On the other hand, FBA has been used in microbiology to study microorganism growth. This approach has recently been applied to study the Warburg effect (Asgari et al, 2015). We have developed a genome-scale cancer metabolic model that uses protein expression data to predict tumor growth rate. Previous studies have described cancer metabolic models using gene expression data (Asgari et al, 2015; Resendis-Antonio et al, 2010; Vázquez et al, 2010). Our model, however, used a whole human metabolism reconstruction and proteomics data to improve predictive accuracy. We assessed the model reliability by growth kinetics studies in ER+ (MCF7 and T47D) and TNBC (MDAMB231 and MDAMB468) cells. This approach allows new hypotheses and provides a global vision of metabolism, and has been previously used to characterize metabolism in samples from patients with breast cancer, which enables us to address clinically relevant questions (Gámez-Pozo et al, 2017).
Coupling proteomics data with FBA is challenging, primarily because relationships between protein expression data and enzymatic reactions is not direct. Data must be preprocessed through GPR rules to provide biologically meaningful information. On the other hand, functional interpretation of the data is not well established beyond individual changes in protein/reactions between control and treated scenarios. In this study, we overcame these limitations differently for proteins and reactions. Proteomics data were functionally explored using probabilistic graphical models. This tool has been used previously to identify functional differences using clinical samples (Gámez-Pozo et al, 2015; Gámez-Pozo et al, 2017). Regarding metabolic reactions, we propose the use of functional flux activities to compare complete pathways.

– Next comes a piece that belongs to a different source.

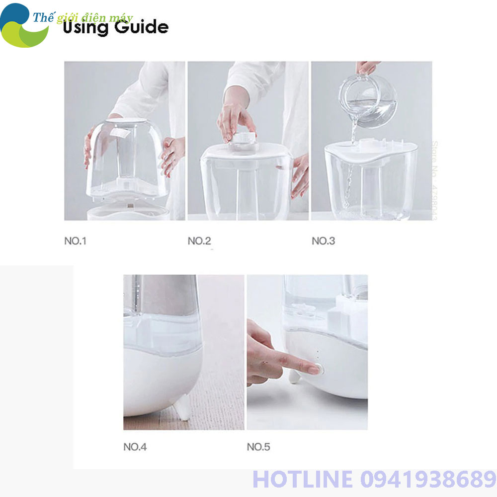 Chú ý: Sản phẩm không dùng được tinh dầu ( quý khách vui lòng lưu ý không được bỏ tinh dầu trực tiếp vào nước, sẽ làm hư đầu phun và không được bảo hành )

Model growth rate predictions were consistent with changes detected in viability assays in the cells treated with MTF. We explored the global flux for each pathway, calculating flux activities to identify metabolic pathways showing different behavior between the MTF-treated cells and the control cells. The pathways related to response to MTF treatment were glutamate and pyruvate metabolism. The pathways related to RP treatment response were valine, leucine and isoleucine metabolism, and cholesterol metabolism. Although it is difficult to make comparisons between flux patterns, pathway flux activities could be a useful approach to understanding changes between various conditions.

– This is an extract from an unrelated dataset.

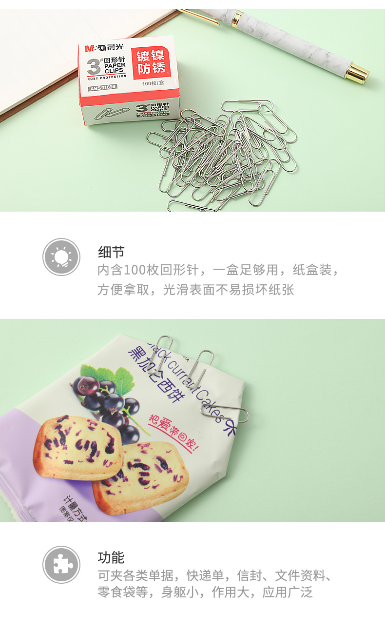 商品名称:晨光办公用3号*10盒金属回形针纸盒装ABS91696
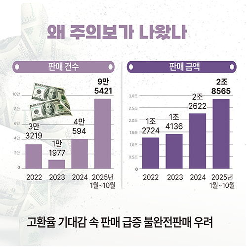 ±ÝÀ¶°¨µ¶¿øÀº 15ÀÏ ´Þ·¯º¸ÇèÀÌ ¡®È¯Å×Å©¡¯·Î ¿ÀÀεǴ ÆÇ¸Å °üÇà¿¡ ´ëÇØ ¼ÒºñÀڰ溸 ¡®ÁÖÀÇ¡¯¸¦ ¹ß·ÉÇß´Ù. °íȯÀ² ±â´ë ¼Ó¿¡ ´Þ·¯º¸Çè ÆÇ¸Å°¡ ±ÞÁõÇÏ¸é¼ È¯Â÷À͸¸ °Á¶ÇÑ ºÒ¿ÏÀüÆÇ¸Å ¿ì·Á°¡ Ä¿Á³±â ¶§¹®ÀÌ´Ù. ´Þ·¯º¸ÇèÀº º¸Çè·á ³³ÀÔ°ú º¸Çè±Ý Áö±ÞÀÌ ´Þ·¯·Î ÀÌ·ïÁ® ȯÀ² º¯µ¿¿¡ µû¶ó ¿øÈ ºÎ´ã°ú ¼ö·É¾×ÀÌ Å©°Ô ´Þ¶óÁú ¼ö ÀÖ´Ù. ±Ý°¨¿øÀº ´Þ·¯º¸ÇèÀÌ ÅõÀÚ»óǰÀÌ ¾Æ´Ñ À§Ç躸Àå ¸ñÀûÀÇ º¸ÇèÀÓÀ» °Á¶Çϸç, ¼³¸íÀǹ« À§¹Ý µî À§¹ý ÇàÀ§°¡ È®À뵃 °æ¿ì ¾öÁß Á¦ÀçÇÏ°Ú´Ù°í ¹àÇû´Ù.

Moreover, by using an FVA coupled with the Monte Carlo approach, an activation of enzymes related to ROS stress response associated with MTF treatment could be predicted. Catalase and SPODM activation by MTF have been described in other scenarios (Dai et al, 2014; Kukidome et al, 2006), and as previously mentioned, concurs in most cases with differences shown in protein expression, although this relationship is not always direct. For instance, SPODM showed a 1.25-fold increase in protein expression, but no increment at the flux level, because fluxes are conditioned not only by their own restrictions, but also by bounds from adjacent reactions. In addition, catalase and SPODM fluxes appear to be related to cell viability. For instance, CAMA1 cells treated with MTF did not show an increased catalase flux, perhaps due to the discrete effect of MTF treatment on CAMA1 viability. Some of these predictions have been verified in the SPODM activity assay. In general, SPODM activity measurements were consistent with FBA predictions. Variations between FBA predictions and SPODM activities could be due to the fact that FBA only take into account metabolic pathways. On the other hand, our model predicts an increase in nitric oxide synthase flux in MCF7 cells treated with MTF, as has been previously described in diabetic rats (Volarevic et al, 2015). An increase in nitric oxide synthase implies a higher NO concentration, related to apoptosis processes and cytostatic effects in tumor cells, whereas low NO concentrations are associated with cell survival and proliferation (Vannini et al, 2015). This nitric oxide synthase activation could be related to the reduced proliferation observed in MCF7 cells treated with MTF. The fact that this effect was only predicted in MCF7 could be due to heterogeneity in the response mechanisms against this drug in various cellular contexts, and could be related to the observed differences in cell proliferation. It is remarkable that although no information about nitric oxide synthase abundance was provided by proteomics, our model reflects differences at the flux level in this process, suggesting that both approaches, proteomics and flux balance analysis, offer complementary information.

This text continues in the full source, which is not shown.